For joules, use 4.184 J/gram*C for specific heat. For calories, use 1.00 cal/gram*C
What's the constant for water though? Every time I look it up it's a different number
Oh nevermind you put it there. THANK YOU SO MUCH! You're a huge help!!!
I gave you the two constants. If you want q in joules, use specific heat = 4.184 J/g*C and if you want q in calories, use specific heat = 1.00 calorie/g*C.

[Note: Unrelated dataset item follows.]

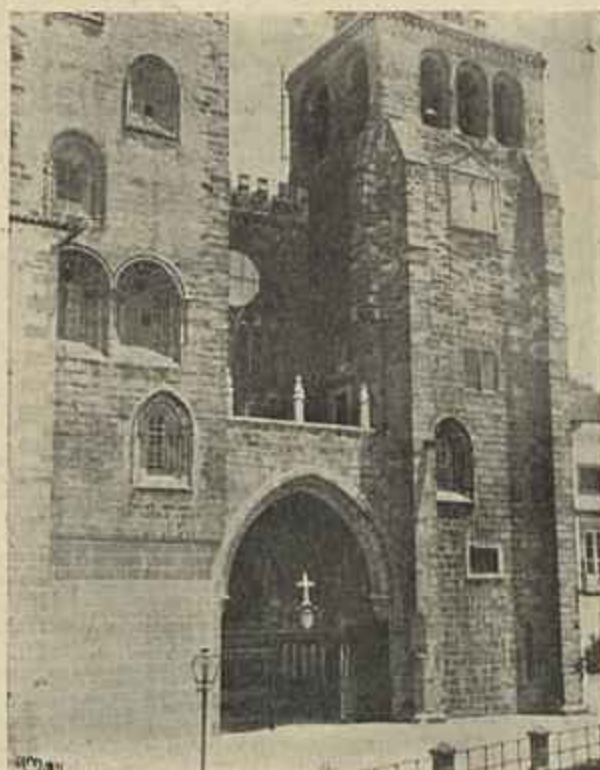
SÉ D'EVORA, VISITADA POR S. M. EL-REI D. CARLOS

You can look up specific heat in J/g, J/mol, cal/g, cal/mol, kg/mol, kg/g, etc. I gave you the two constants you need.
Thank you so much!!! You're really a lifesaver!
Is this is food calories?
no. Years ago the food industry got it all wrong. They talked about Big calories (identified by a CAPITAL letter C) and a small calorie (identified by a lower case c). But they made no real distinction and soon everyone (perhaps I should say the non-professionals) just called them "calories". A food calorie (the Big Calorie) actually is a kilocalorie. So when I drink a glass of no-fat milk, the label on the container says it is 80 calories. That is 80 kilocalories. So if we are to eat about 2000 calories a day to maintain our weight, that actually is 2000 kcal or 2,000,000 calories.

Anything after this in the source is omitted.